Grotta dell'Artiglieria ("Artillery Cave") is a karst cave in the municipality of Doberdò del Lago (Gorizia, Friuli-Venezia Giulia, Italy). The cave is located NE of Doberdob Lake, near the top of a small hill, in the small village of Jamiano. The name is referred to the artillery battery set in the cave during World War I.

==Morphology==

Grotta dell'Artiglieria opens 187 m above sea level. Overall, it is 95.9 m long and 42.5 m deep. The cave is made up of three main rooms, connected by small pits. The entrance is vertical and leads to the first room. On the left side of this cavern, a 10 m pit leads to the second room. Another small pit, made up of collapsed bedrocks, leads to the last room, which is the biggest one. This room is full of cave formations and declines subhorizontally until reaching the deepest part of the cave.

==History==

The cave entrance is located in the vicinity of a panoramic viewpoint, whence it is possible to observe most of the Gorizia Karst, including Doberdob Lake. Because of its location, during World War I, the Austro-Hungarian Army used the first part of the cave as an observation post and placed an artillery battery in it. The Italian Army also used the cavity when occupying the area. Still now, the remains of a small plaque dedicated to an Italian Artillery Regiment can be seen next to the entrance.

==Fauna==

In the last decades, the cave was known to be the refuge of an important bat colony, including some hundred specimens. Bat species are the common bent-wing bat Miniopterus schreibersiii and the Mediterranean horseshoe bat Rhinolophus euryale. Recently, the colony has strongly decreased and, at certain periods of the year, is completely absent. A fair number of individuals (about 30) has recently been observed between September and October, the breeding season, immediately prior to hibernation. Why the colony has decreased and where individuals move throughout the year are still unknown.

The Bat colony causes a huge amount of bat guano to accumulate in the innermost part of the cave. A large invertebrate community developed using guano as primary food source. Invertebrates are cave dwelling species typical of the Karst area.

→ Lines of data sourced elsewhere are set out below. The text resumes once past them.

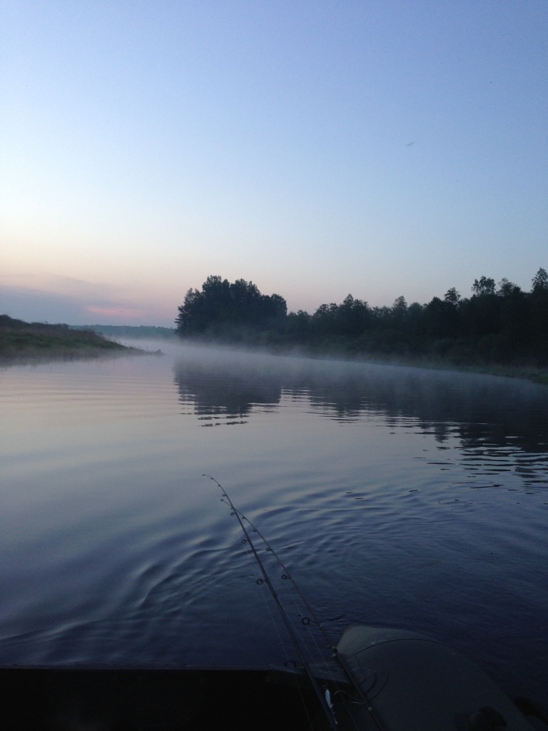 к слову сказать, еще по пути на Псковщину погода преподносила сюрпризы: проливной дождь сменялся полосами яркого солнца, но первый вечер на рыбалке выдался без дождя. Не долгие сборы лодок и в предвкушении первых поклевок мы выходим на воду: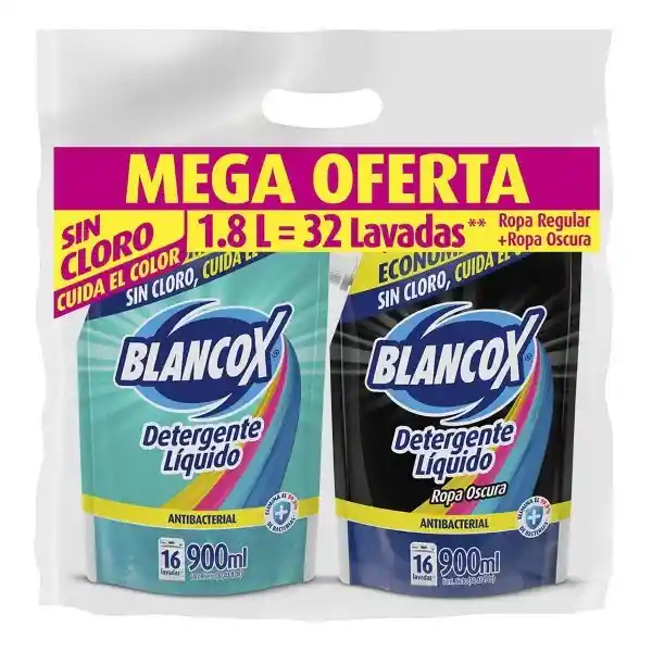 Kit Blancox Contiene 2 Unidades. Detergente Antibacterial 900 mL + Ropa Oscura Liquida 900 mL.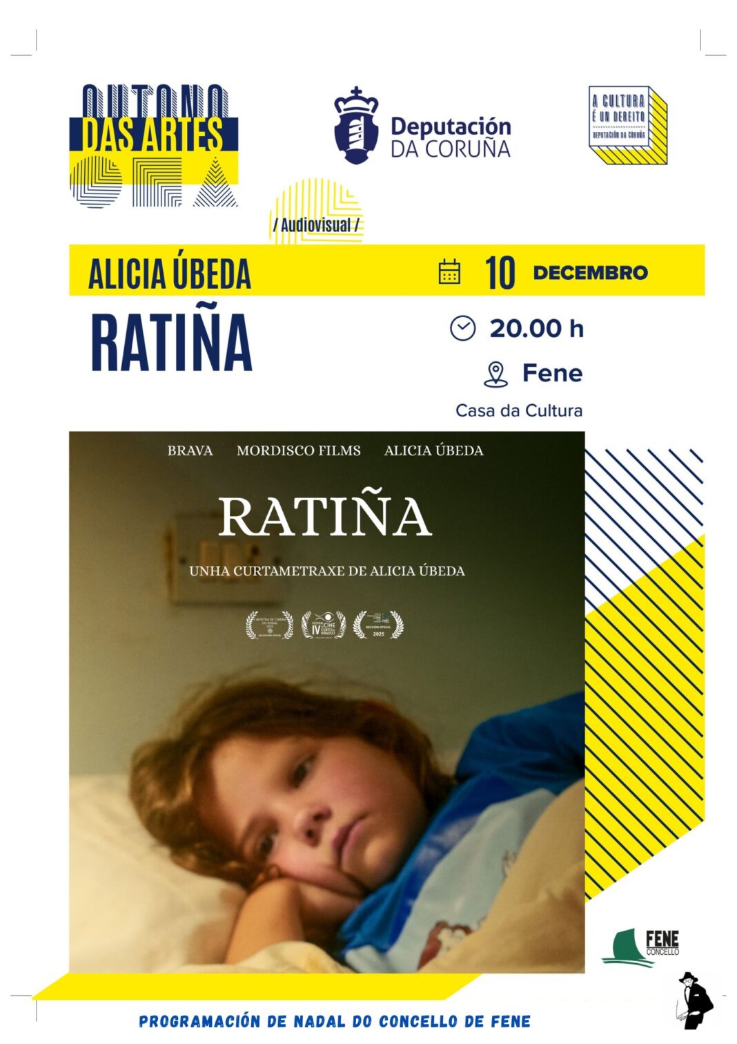 “Ratiña” é unha curtametraxe social e intimista, cunha duración de 11 minutos, que aborda temas como o acoso escolar, a xestión emocional e a relación entre nenos/as e pais/nais. A peza, que se poderá ver na Casa da Cultura o vindeiro mércores 10 de decembro, ás 20 horas, combina un enfoque minimalista e poético cunha narrativa realista, dirixida preferiblemente para o público adulto. Trala proxección do mesmo, haberá un coloquio no que poderán participar as persoas asistentes. Entrada libre e de balde.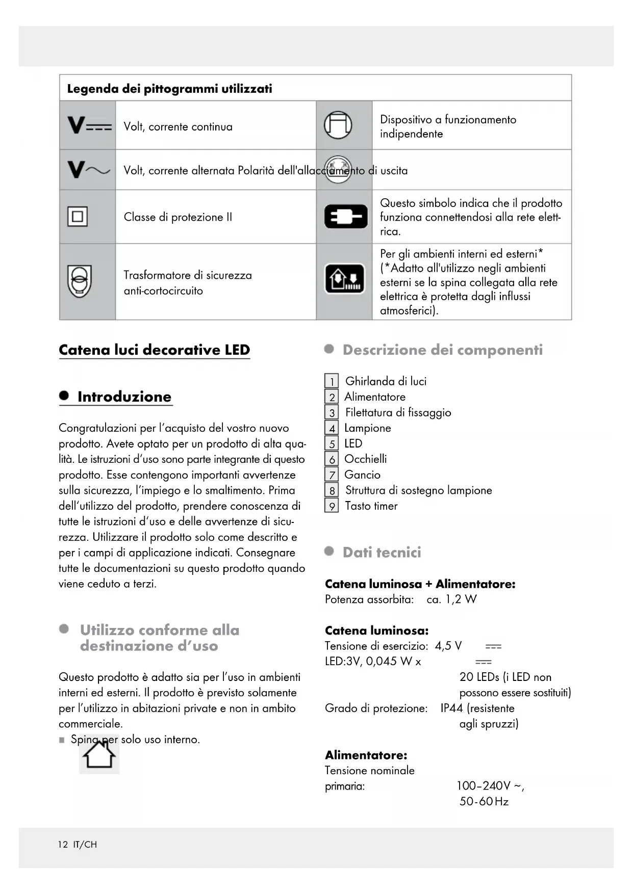 Tasto timer Dati tecnici Catena luminosa + Alimentatore: Potenza assorbita: ca. 1,2 W Catena luminosa: Tensione di esercizio: 4,5 V LED: 3 V , 0,045 W x 20 LEDs (i LED non possono essere sostituiti) Grado di protezione: IP44 (resistente agli spruzzi) Alimentatore: Tensione nominale primaria: 100–240 V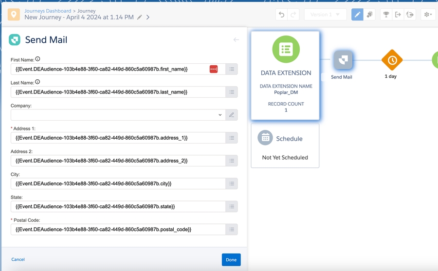 Poplar’s Custom Activity lets you pass a contact from Salesforce Journey Builder to Poplar as part of your Salesforce Journey, and send that customer a postcard or letter.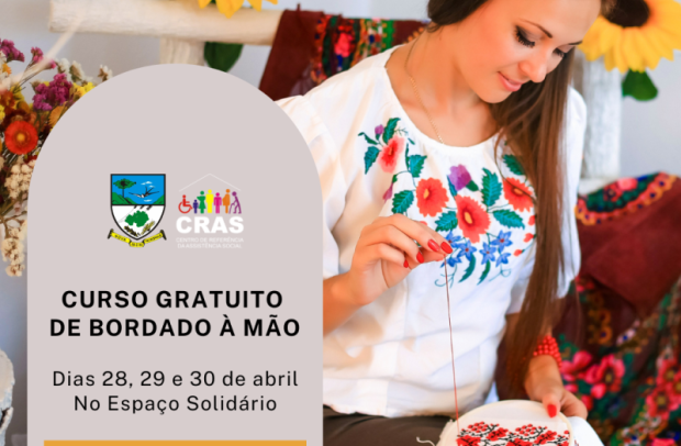 O CRAS (Centro de Referência de Assistência Social) de Nova Petrópolis promove o curso profissionalizante do SENAR (Serviço Nacional de Aprendizagem Rural) nos dias 28, 29 e 30 de abril, no Espaço Solidário. O curso de Bordado à Mão é totalmente gratuito e terá emissão de certificado de conclusão.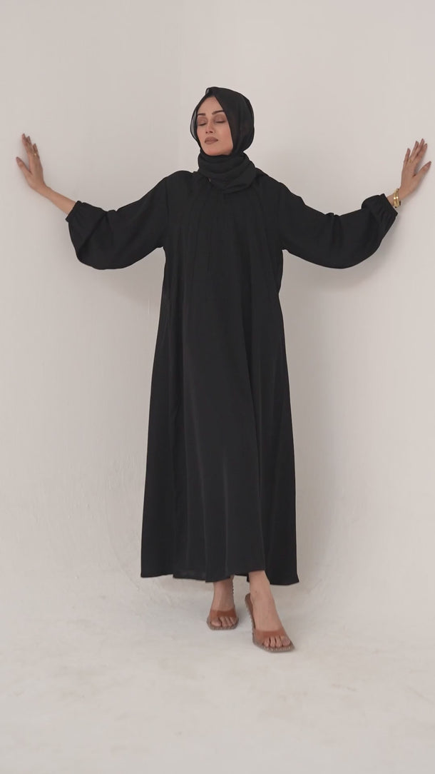 This abaya is an essential addition to your wardrobe, offering an effortlessly chic and sophisticated look. Its maxi-style silhouette is enhanced with delicate piping details along the front, adding a refined touch of elegance. Featuring loose, flowing sleeves for a graceful appearance, this abaya is paired with a pure Korean chiffon Sheila, completing the ensemble with a luxurious finish. Perfect for any occasion, this piece is one of our most sought-after designs.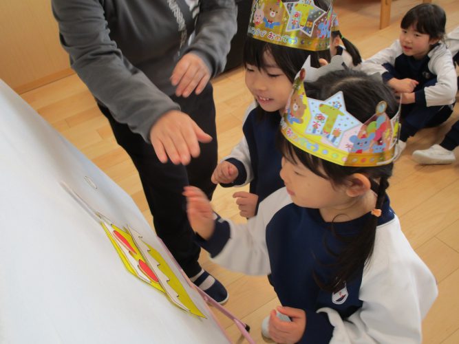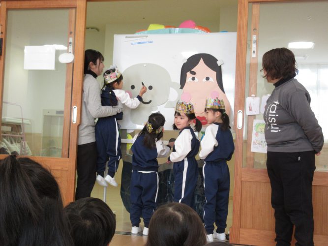 保育者からの出し物では、おせちの由来を聞いたり、福笑いをしました。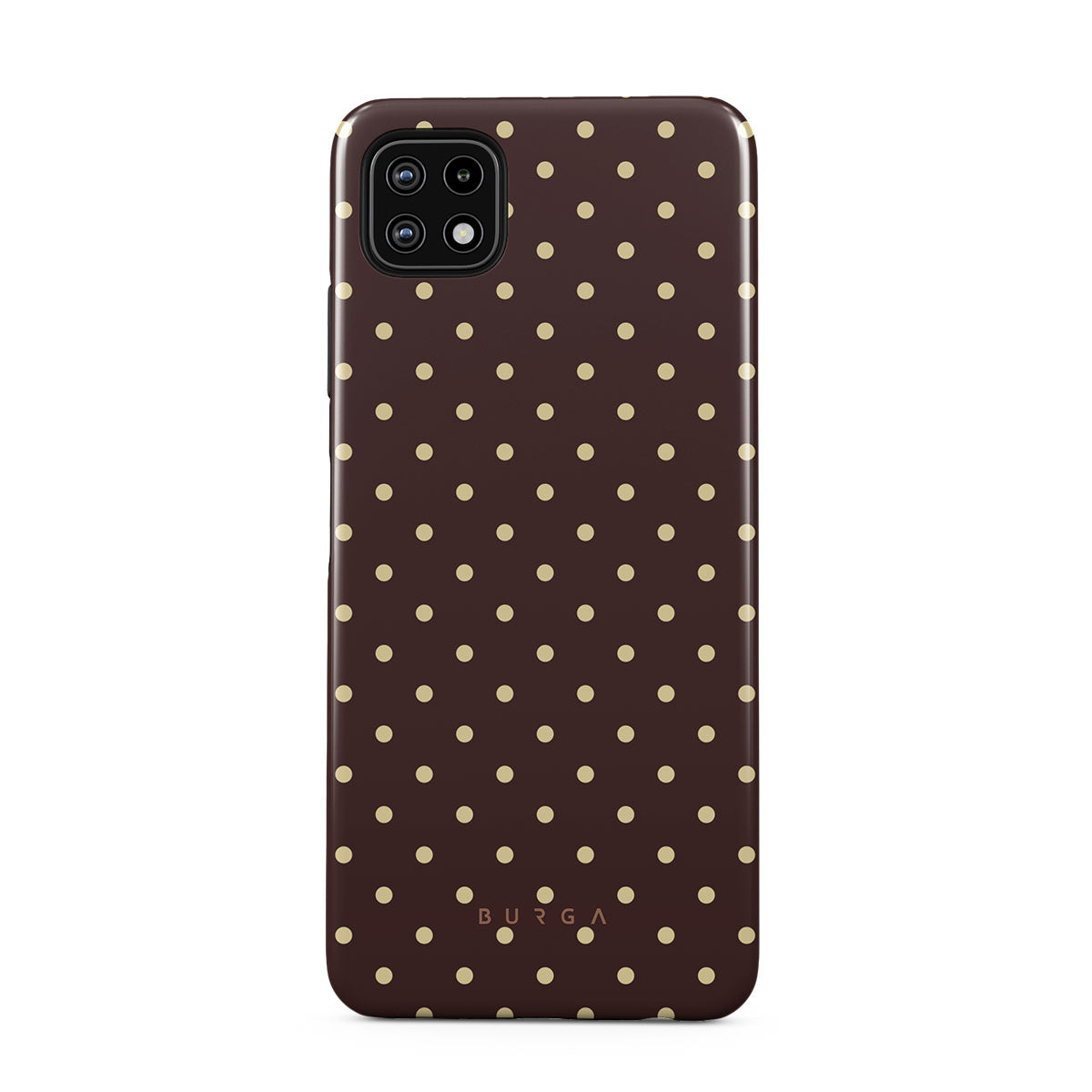 Playful yet polished, our Sorry Busy Samsung Galaxy A22 5G phone case design features a warm brown background sprinkled with delicate beige polka dots, blending charm with a professional edge. It's for those who keep it stylish, even when fully booked and thriving.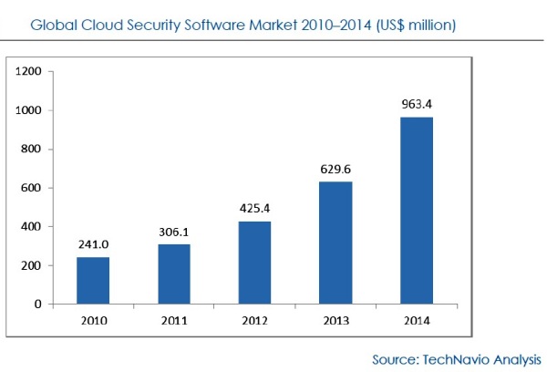 TechNavio, firma especializada en investigaciones de mercado, ha publicado los resultados de su estudio sobre elMercado mundial de Software de Seguridad Cloud. Estima que este segmento, -valorado en 241 millones de dólares en 2010-, mueva un volumen de negocio de 963,4 millones en 2014, con un ratio de crecimiento anual del 41,4%. Según explica, “los principales factores que influyen en el mercado global de Software de Seguridad Cloud están relacionados con el creciente uso de los servicios de seguridad cloud para el almacenamiento de datos críticos y el aumento repentino de los ataques específicos en la nube. Impulsado por múltiples factores tales como la flexibilidad, el ahorro de costes y la disponibilidad, un creciente número de compañías están transfiriendo sus datos a la nube”.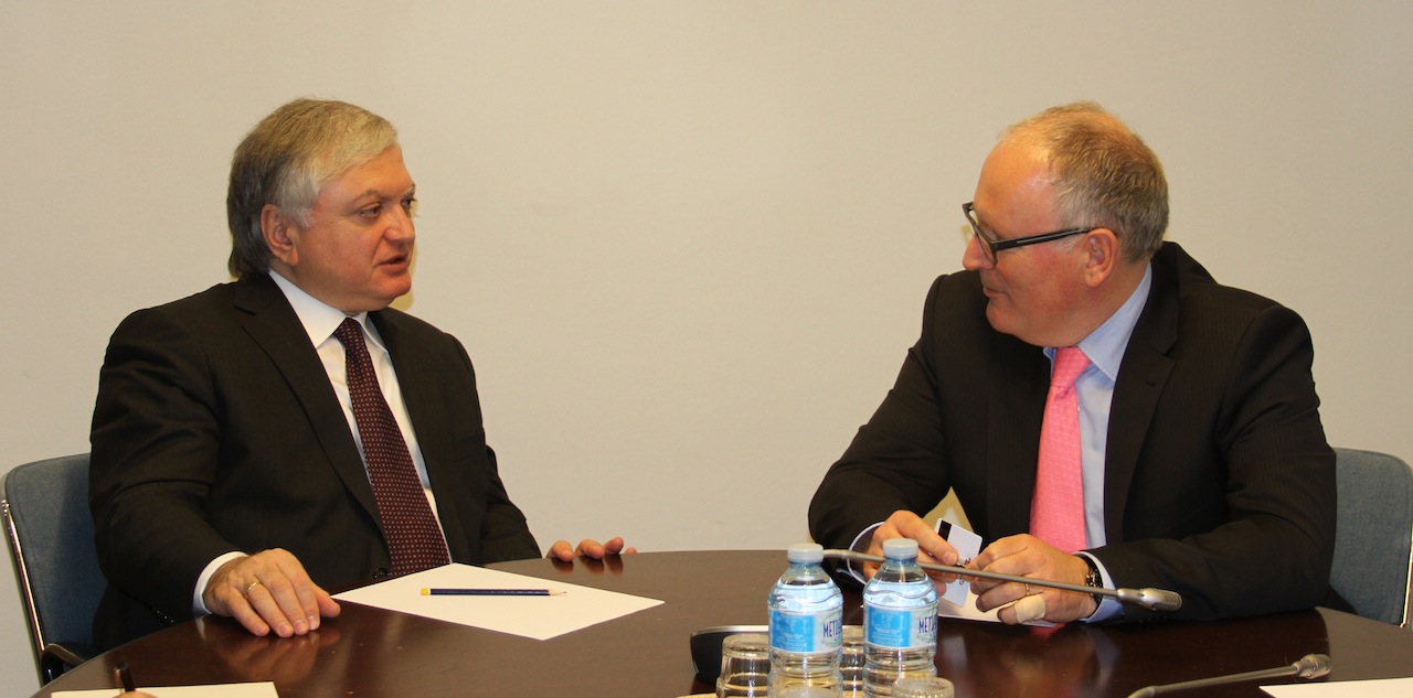 Էդվարդ Նալբանդյանն ու Ֆրանս Թիմմերմանսը մտքեր փոխանակեցին սիրիական ճգնաժամի և դրա կարգավորման ուղիների վերաբերյալ։ Գործընկերոջ խնդրանքով նախարար Նալբանդյանը ներկայացրեց ղարաբաղյան հիմնախնդրի խաղաղ կարգավորման ուղղությամբ Հայաստանի և միջազգային հանրության կողմից ձեռնարկվող ջանքերը։

Troglobites include woodlouses Alpioniscus strasseri and Androniscus stygius, and the round fungus beetle Bathysciotes khevenhulleri tergestinus. Troglophiles include the spiders Nesticus eremita and Troglohyphantes excavatus, the cave cricket Troglophilus neglectus, the cricket Gryllomorpha dalmatina, the moth Scoliopteryx libatrix, the fly Limonia nubeculosa and an unidentified phorid fly species, the ground beetles Laemostenus cavicola and Laemostenus elongatus, and the rove beetle Atheta spelaea.